*** Opening Given information ***

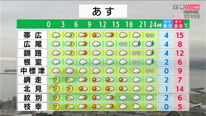 道東は雲が広がり、夕方以降、小雨や霧雨が降るでしょう。オホーツク海側は日差しが出ますが、紋別の最高気温は6度、道北の枝幸は5度と寒さが戻ります。
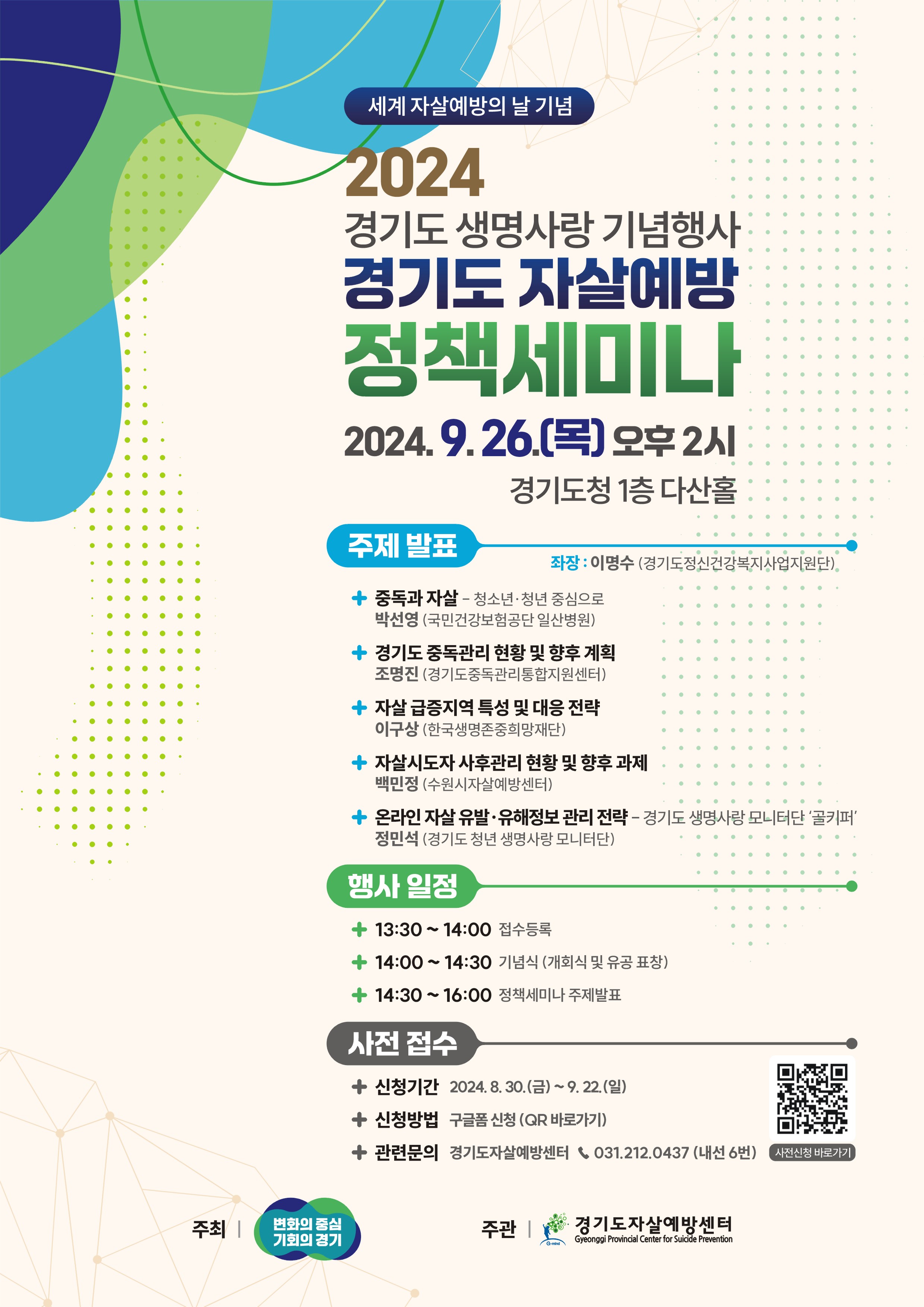 | 제목 | 2024 생명사랑 기념행사 「경기도 자살예방 정책세미나」 - 참석 안내 |
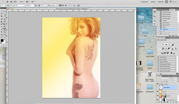 刺青合成的部分到此告一段落,接着我们来调整照片的颜色。
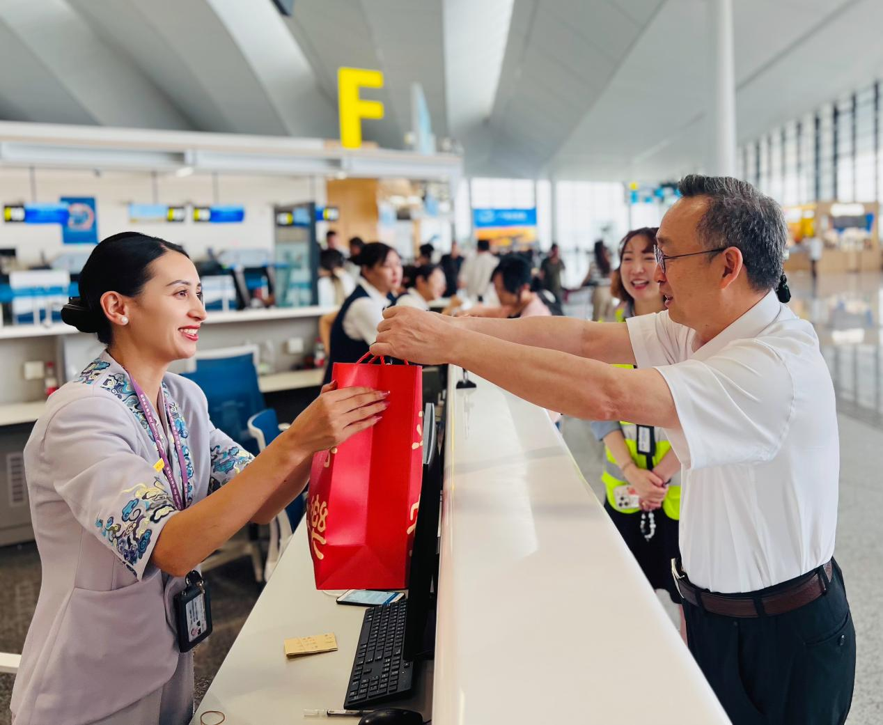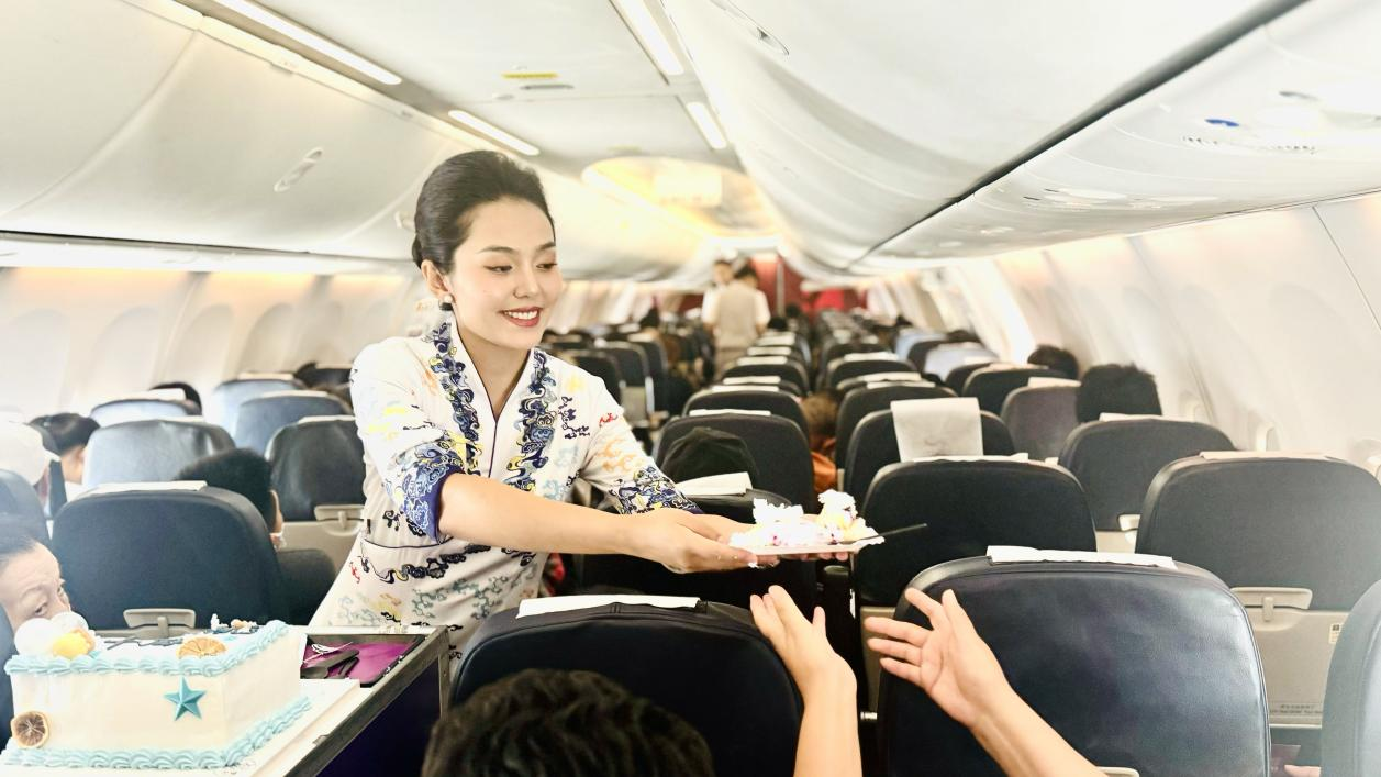 首航的背后,是乌鲁木齐航空长期以来将“真情服务”与地域文化深度融合的坚实积淀。作为植根于多民族地区的航空公司,乌鲁木齐航空致力于打造具有新疆特色的服务品牌。通过覆盖值机、客舱、呼叫中心等多环节的多语言服务,将维吾尔语、哈萨克语、蒙古语等纳入日常保障,让服务从沟通开始便贴近各族旅客。在万米高空,客舱不仅是旅途空间,更成为展示新疆文化的“空中展厅”——乘务员演绎民族歌舞、举办特色主题航班,让航班化身为传递团结与热情的“空中名片”。
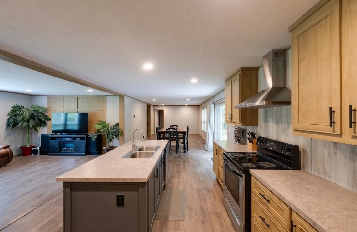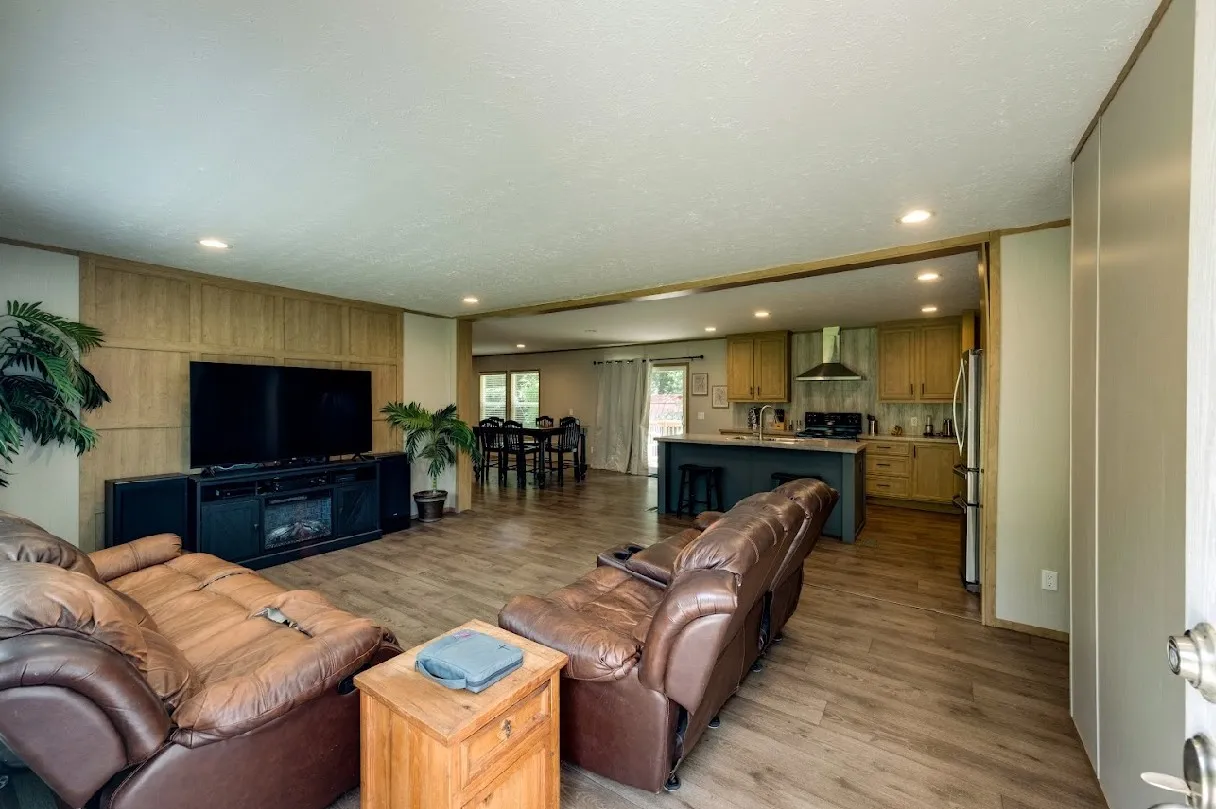 Country living at it’s finest! New 4 bedroom/2 bath home on over an acre with sweet privacy yet only a few minutes to town. Such great open space with two living areas plus a dining room and a nice island kitchen with its very own coffee bar and tons of cabinet space! Smooth concrete sidewalk out front and a deck out back for hanging out under the trees with a she-shed just steps away. Bonus: it’s a Clayton Home with an “Energy Smart” package!

*** Closing Given information ***

### Work to complete
From the first line of the listing above, repeat every line through the one holding "首航的背后,是乌鲁木齐航空长". Both ends count, and pictures stay out.

### Task result
 道東は雲が広がり、夕方以降、小雨や霧雨が降るでしょう。オホーツク海側は日差しが出ますが、紋別の最高気温は6度、道北の枝幸は5度と寒さが戻ります。
 | 제목 | 2024 생명사랑 기념행사 「경기도 자살예방 정책세미나」 - 참석 안내 |
 刺青合成的部分到此告一段落,接着我们来调整照片的颜色。
 首航的背后,是乌鲁木齐航空长期以来将“真情服务”与地域文化深度融合的坚实积淀。作为植根于多民族地区的航空公司,乌鲁木齐航空致力于打造具有新疆特色的服务品牌。通过覆盖值机、客舱、呼叫中心等多环节的多语言服务,将维吾尔语、哈萨克语、蒙古语等纳入日常保障,让服务从沟通开始便贴近各族旅客。在万米高空,客舱不仅是旅途空间,更成为展示新疆文化的“空中展厅”——乘务员演绎民族歌舞、举办特色主题航班,让航班化身为传递团结与热情的“空中名片”。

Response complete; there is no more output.